Statistical Analysis and Data Mining – CSIS 657

CG • Section 8WK • 11/08/2019 to 04/16/2020 • Modified 07/28/2020

Course Description

This course provides an in-depth study of the field of statistical analysis and data mining as it relates to real-world applications. It explores the complexities of data mining algorithms, software tools, and techniques employed in modern analytics and massive data sets. The selection, application, and evaluation of statistical approaches are examined in the context of data mining.

Prerequisites

CSIS 505 and CSIS 525

Rationale

Technology’s role in society continues to expand in application and influence. The data generated through this digital frontier is growing exponentially, creating new challenges as well as exciting opportunities. The ability to sift through the vast amount of information requires a skillset that is part engineer and part artist. Finding data, making appropriate associations between data, constructing ways to communicate relationships of data, and applying business intelligence and analytics are fundamental to business in the digital age. Never before has there been so much information available for companies to strategize with, analyze, consume, and even market. The effective exploitation of data mining and predictive analytics technologies will be an invaluable skillset for the company looking for opportunities to stay competitive while maintaining lean and efficient organizations.

Measurable Learning Outcomes

Upon successful completion of this course, the student will be able to:

  1. Define the data mining process in relation to Christian principles and ethics. (PLO: 1)
  2. Compare data mining algorithms, tools, and techniques. (PLO: 3)
  3. Analyze data and text mining case studies. (PLO: 3)
  4. Select appropriate statistical data mining models for various scenarios. (PLO: 2)
  5. Apply data and text mining algorithms to real-world applications. (PLO: 2)

Course Assignment

Textbook readings and lecture presentations

Course Requirements Checklist

After reading the Course Syllabus and Student Expectations, the student will complete the related checklist found in Module/Week 1.

Discussion Board Forums (4)

Discussion boards are collaborative learning experiences. Therefore, the student is required to create a thread in response to the provided prompt for each forum. Each thread must be 400–500 words and demonstrate course-related knowledge. In addition to the thread, the student is required to reply to the threads of at least 2 classmates. Each reply must be 200–300 words. Each thread and reply must include at least 2 scholarly sources other than the Reading & Study material and 2 contextually appropriate scriptural references. Each thread and reply must follow current APA format.

Tutorials (7)

The student will complete practical exercises (tutorials) designed to (1) create experience with the software used in the course, (2) provide real-world examples of problems facing a variety of business sectors, (3) build understanding of how to methodically approach solving a data mining hypothesis, and (4) foster a greater understanding of the potential value of corporate data and the impact of big data.

Quizzes (4)

The student will complete four short answer quizzes based on readings and lecture presentations. Quizzes are open book/open notes and must be completed in one hour.

Project

The student will incorporate all aspects of the course into an integrated holistic project on data mining. This effort will follow the scientific method outlined in the course textbook and be completed in the following phases. Prior to beginning the project, the student will submit a 2-page summary of the issue being addressed.

Phase I

The student will submit a paper of at least 5 pages that outlines the problem, identifies the sources of data, and explains the student’s initial hypothesis. The paper must be in current APA style and include at least 8 scholarly sources other than the course textbook.

Phase II

The student will submit a 5–8-page paper that outlines the processes implemented for collecting and preparing the data for examination.
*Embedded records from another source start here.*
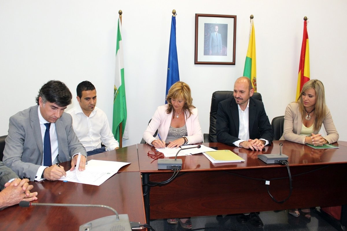 La directora general de Infraestructura y Servicios Educativos de la Consejería de Educación, Aurelia Calzada, y José Antonio Molina, representante de la empresa adjudicataria de las obras del nuevo Instituto de Enseñanza Secundaria (IES) de Cártama (Málaga) han firmado este viernes el contrato para la construcción del centro, que ofrecerá 360 plazas de Educación Secundaria Obligatoria (ESO).
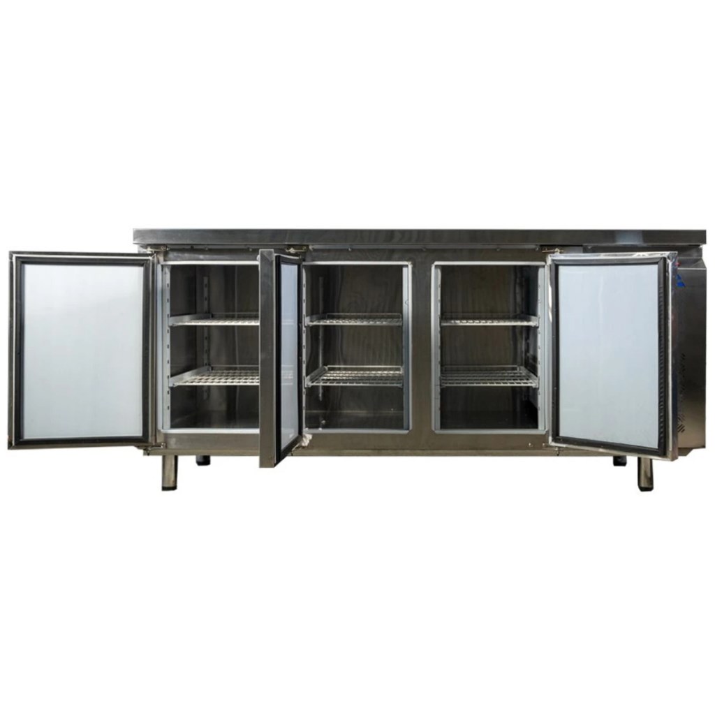 Каталог оборудования Холодильное оборудованиеСтолы охлаждаемыеСтолы холодильные среднетемпературныеСтол холодильный среднетемпературный Ангара СХБ 1,835-700 Стол холодильный среднетемпературный Ангара СХБ 1,835-700 Код товара: 066-353 Поделиться: WhatsAppTelegram СравнитьДобавить в КПВ избранное 0 119 100 ₽ В корзину 0 шт В наличииСамовывоз сегодня бесплатно Взять в кредит Купить в лизинг Получить консультацию в WhatsApp Описание Характеристики Отзывы 0 Стол холодильный среднетемпературный Ангара СХБ 1,835-700 предназначен для обработки ингредиентов и кратковременного хранения скоропортящихся продуктов и напитков на предприятиях общественного питания и торговли. Модель сочетает компактные размеры, функциональность и надёжность, обеспечивая удобство работы на кухне. Особенности модели: Электронное управление — интуитивно понятная панель позволяет точно регулировать температурный режим и контролировать работу устройства. Корпус и столешница из нержавеющей стали — обеспечивают долговечность, устойчивость к коррозии и лёгкость в уходе. Три дверцы и три полки размером 530×325 мм — обеспечивают удобный доступ к продуктам и рациональное использование внутреннего пространства. Регулируемые ножки — позволяют адаптировать высоту стола под индивидуальные условия рабочей зоны. Автоматические доводчики дверей с фиксацией — двери закрываются плавно и остаются зафиксированными в открытом положении при необходимости. Съёмные магнитные уплотнители — упрощают чистку и замену, поддерживая герметичность и эффективность охлаждения. Диапазон температур: -2…+10 °C / +2…+10 °C, что позволяет использовать стол как для охлаждённых, так и для быстро портящихся продуктов. Холодильный стол Ангара СХБ 1,835-700 — это практичное и надёжное решение для профессиональных кухонь и торговых точек. Совмещение эргономичной конструкции, долговечных материалов и точного электронного контроля температуры обеспечивает удобство эксплуатации и эффективное хранение продуктов в оптимальных условиях.Изображение товара, представленного на фото, может отличаться от его фактического вида. Показать все Габаритные размеры1835×700×850 ммДиапазон рабочей температурыот -2 до +10 °CРасположение агрегатаБоковое Материал столешницыНержавеющая Тип столаС дверьми Тип двериГлухая Объём505 лКоличество дверей3 штКоличество полок3 штРазмер полки530×325 ммНапряжение220 ВМощность0,46 кВтТип охлажденияДинамическое Тип оттайкиАвтоматическая СтолешницаС бортом БрендАнгараВсе нержавеющие холодильные столы Все холодильные столы с бортом Оставить отзыв Еще никто не оставил отзыв на этот товар Ранее просмотрено В наличии 118 900 ₽ Стол холодильный среднетемпературный Ангара СХБ 1,835-600 В наличии 106 400 ₽ Стол морозильный Ангара СХН 1,0-600
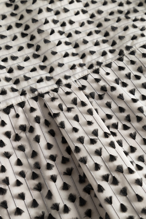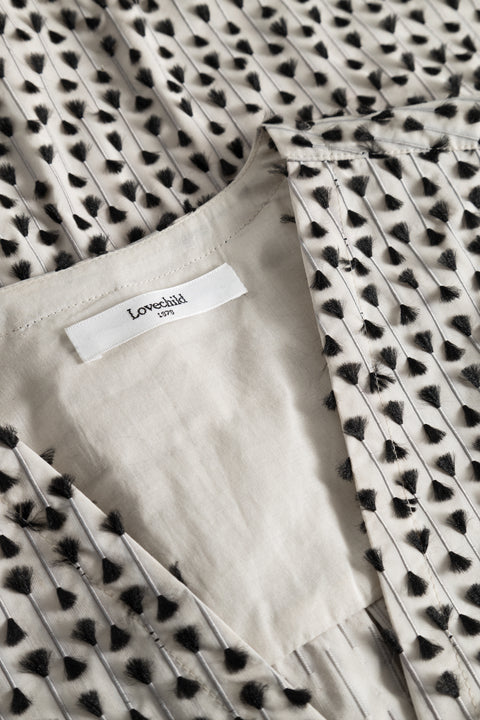 Long dress in a nice cotton/polyester quality that has small fine tassels in a contrasting colour. The dress has a V-neck that buttons down the front, pockets in the side seam and high slits in the side. The sleeves are straight up and down with slits and small cuffs. At the back, the dress has a yoke with wiener. The look is relaxed and slightly oversized.

This phase must be a natural continuation of Phase I, describing in detail how the student prepared the data sets used as well as the analytics selected and reasoning for those selections. Identification of key variables and significant descriptive statistics must be included. The paper must be in current APA style and include at least 8 scholarly sources other than the course textbook.

Phase III

The student will submit a paper of at least 5 pages that builds off the work conducted in Phases I and II. The submitted document will be comprehensive and include the findings, analysis, and next steps recommended as a result of the information generated by the data mining model(s) utilized. The student’s analysis of the data must be presented in a manner that would be appropriate for repeatability by a fellow data miner. The paper must be in current APA style and include at least 5 scholarly sources other than the course textbook.


Phase IV

The student will create a persuasive slide presentation for the purpose of communicating the project (Phases I–III) and the recommendations coming out of this effort. The target audience for this information must be consistent with C-level management and other organization decision makers. Details might include cost, schedule, impact, implementation planning, change management issues, risks, benefits, etc. This presentation must include at least 15 slides. The student will also finalize the report coming from the work from Phases I–III into a cohesive product. The report must be at least 15 pages. The paper must be in current APA style and include at least 10 scholarly sources other than the course textbook.